| SAN FRANCISCO
SAN FRANCISCO Feb 8 Apple Inc's move
to eliminate from its charter the ability to issue preferred
shares without first getting shareholder approval has received
the support of the largest public pension fund in the United
States, and an influential proxy firm.
Hedge Fund manager David Einhorn's Greenlight Capital is
suing Apple to get it to deploy its $137.1 billion cash pile
more effectively by issuing preferred stock, which he says is
superior to dividends or share buybacks.
His lawsuit, filed in U.S. District Court in Manhattan on
Thursday, targets the proposal by Apple to remove from its
charter "blank check" preferred stock.
That particular proposal is "bundled" with two other
unrelated proposals, but will be collectively decided in a
single vote, which Einhorn objected to.
The California Public Employees Retirement System, the owner
of 2.7 million Apple shares, and proxy voting firm ISS Proxy
Advisory Services, recommended on Friday that investors vote for
Apple's proposal. Calpers had indicated its support for the
proposal in a filing earlier this week, but reiterated its
backing after Einhorn filed his suit.
All shareholders should have a vote," Anne Simpson, Calpers
Senior Portfolio Manager and Director for Corporate Governance
said on CNBC. "We don't want the board cutting a deal on the
side with a hedge fund out of fear of a lawsuit that will cancel
the annual meeting."
"This is a big issue that needs to be thought through
carefully, and we want the board to come to all shareholders and
give a chance to have their voice heard," she added.

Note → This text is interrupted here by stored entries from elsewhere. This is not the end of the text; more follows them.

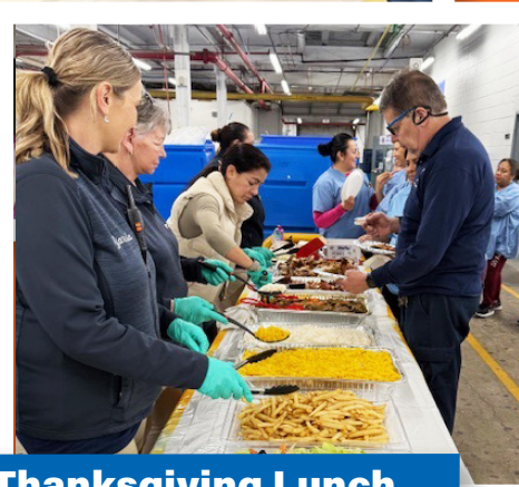
Med Apparel, Perth Amboy Holds Thanksgiving Lunch
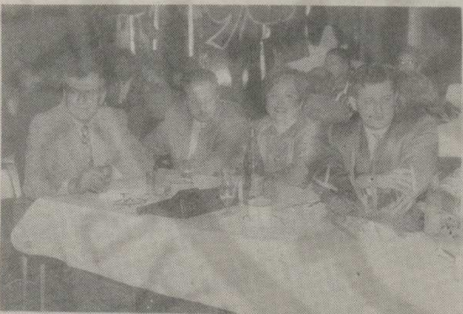
ТЕЖАК ИСПИТ: ЖИРИ ЗА ИЗБОР МИС КРАЉЕВА '96 ПРЕД ДОНОШЕЊЕ КОНАЧНЕ ОЦЕНЕ
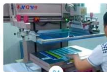
04 Silkscreen printing signature
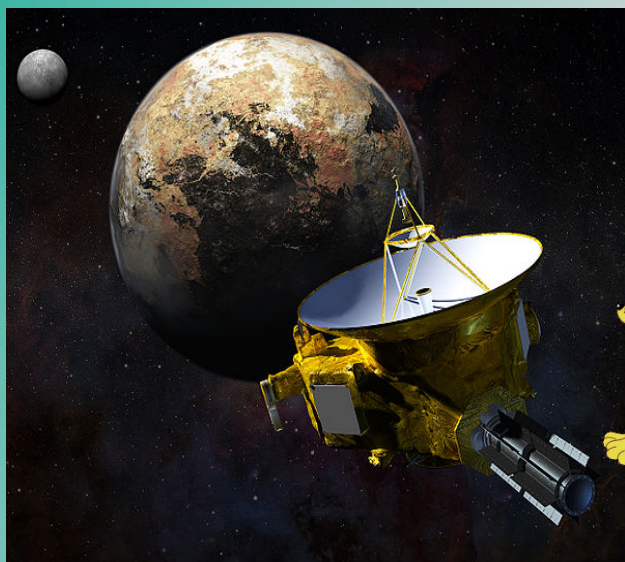
冥王星に近づくニューホライズン

身体障害者手帳をお持ちの方、70歳以上の方は入館料無料(年齢確認ができるものをご提示ください。)
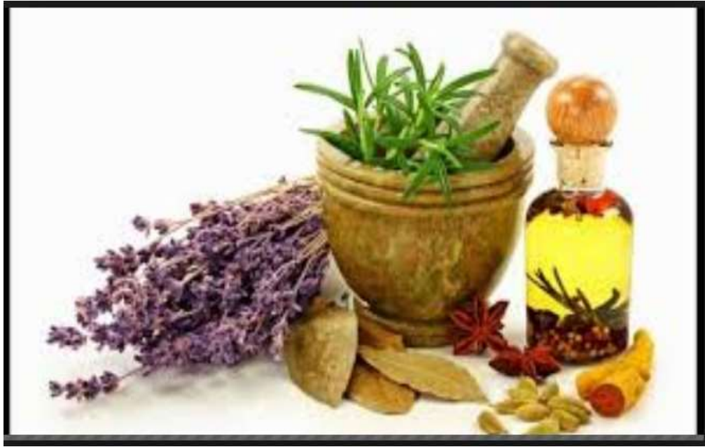
Imagen N°1. Medicina Natural o Bioenergética
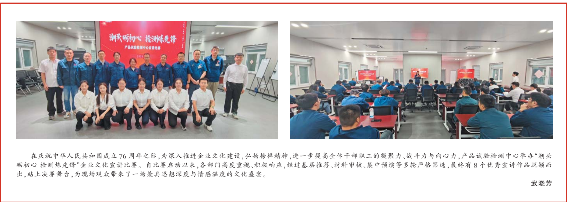
在庆祝中华人民共和国成立76周年之际，为深入推进企业文化建设，弘扬榜样精神，进一步提高全体干部职工的凝聚力、战斗力与向心力，产品试验检测中心举办“潮头砺初心 检测炼先锋”企业文化宣讲比赛。自比赛启动以来，各部门高度重视、积极响应，经过基层推荐、材料审核、集中预演等多轮严格筛选，最终有8个优秀宣讲作品脱颖而出，站上决赛舞台，为现场观众带来了一场兼具思想深度与情感温度的文化盛宴。

冲刺四季度，大干正当时！济南发动机厂将以更加坚定的决心、更加昂扬的斗志、更加务实的作风，全力以赴冲刺年度任务目标，以优异成绩为集团公司迈向世界一流贡献力量！
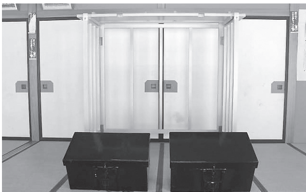
湯野沢奴のはさみ箱（2箱）とはさみ箱飾り立て（奥）
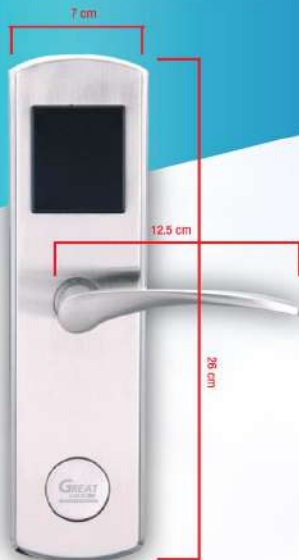
External ด้านนอกห้อง
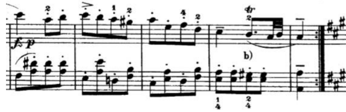
Şekil 4. W. A. Mozart, B bölümü öncesindeki geçiş, öö. 21-24.
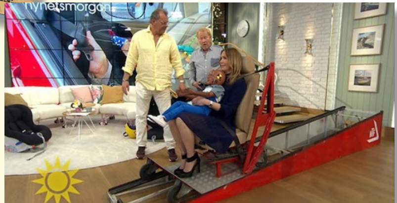
Trafiksäkerhetsinformation till alla! Vi medverkade i Nyhets Morgon i TV 4 och informerade om vikten av att använda bilbältet.
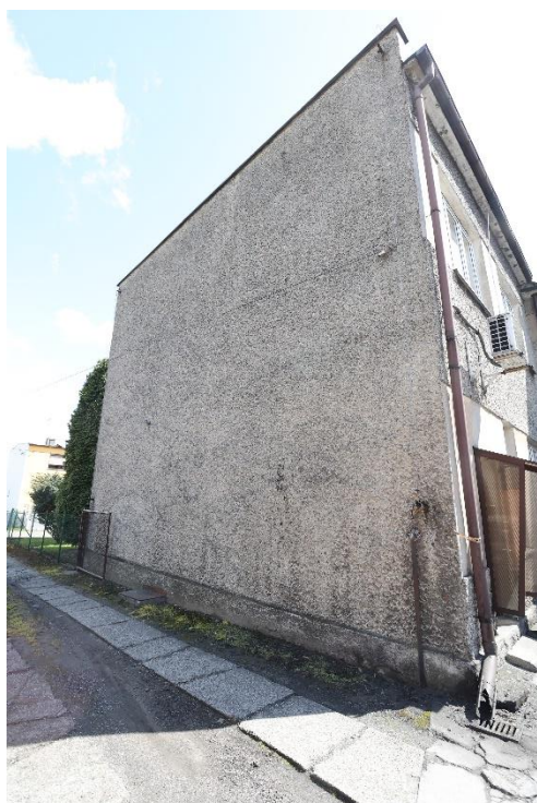
Zdjęcie nr 14 Zespół Szkolno – Przedszkolny w Borucinie Strona pñ. Data 25.04.2024r. Ściana planowana do modernizacji

Apple is asking shareholders at its annual meeting on Feb.
27 to vote on the proposal. ISS said its policy supported the
elimination of "blank check" preferred shares due to their
potential to be misused as a takeover defense because they can
be issued at the company's discretion.
"Moreover, should the board decide at some future date that
an issuance such as Greenlight has proposed makes sense, and can
demonstrate the benefit to shareholders, obtaining the requisite
shareholder support to reinstate the provision is not likely to
be an insurmountable obstacle," ISS said in a research note.
But the firm, which issues recommendations on how
shareholders should vote on proxy proposals, also believes the
"bundling" of proposals is not in the best interest of
Einhorn wants Apple to separate the three issues that are
part of Proposal 2, which includes the "blank check" proposal.
He holds 1.3 million Apple shares worth about $600 million
at current values.
Greenlight Capital said it was disappointed ISS did not
recognize the unique circumstances surrounding Apple, which has
$137 billion in cash and marketable securities.
Einhorn and other investors have accused Apple of not
managing the cash and marketable securities effectively,
limiting returns to shareholders.
Greenlight also reiterated on Friday its call to Apple
shareholders to vote against the proposal.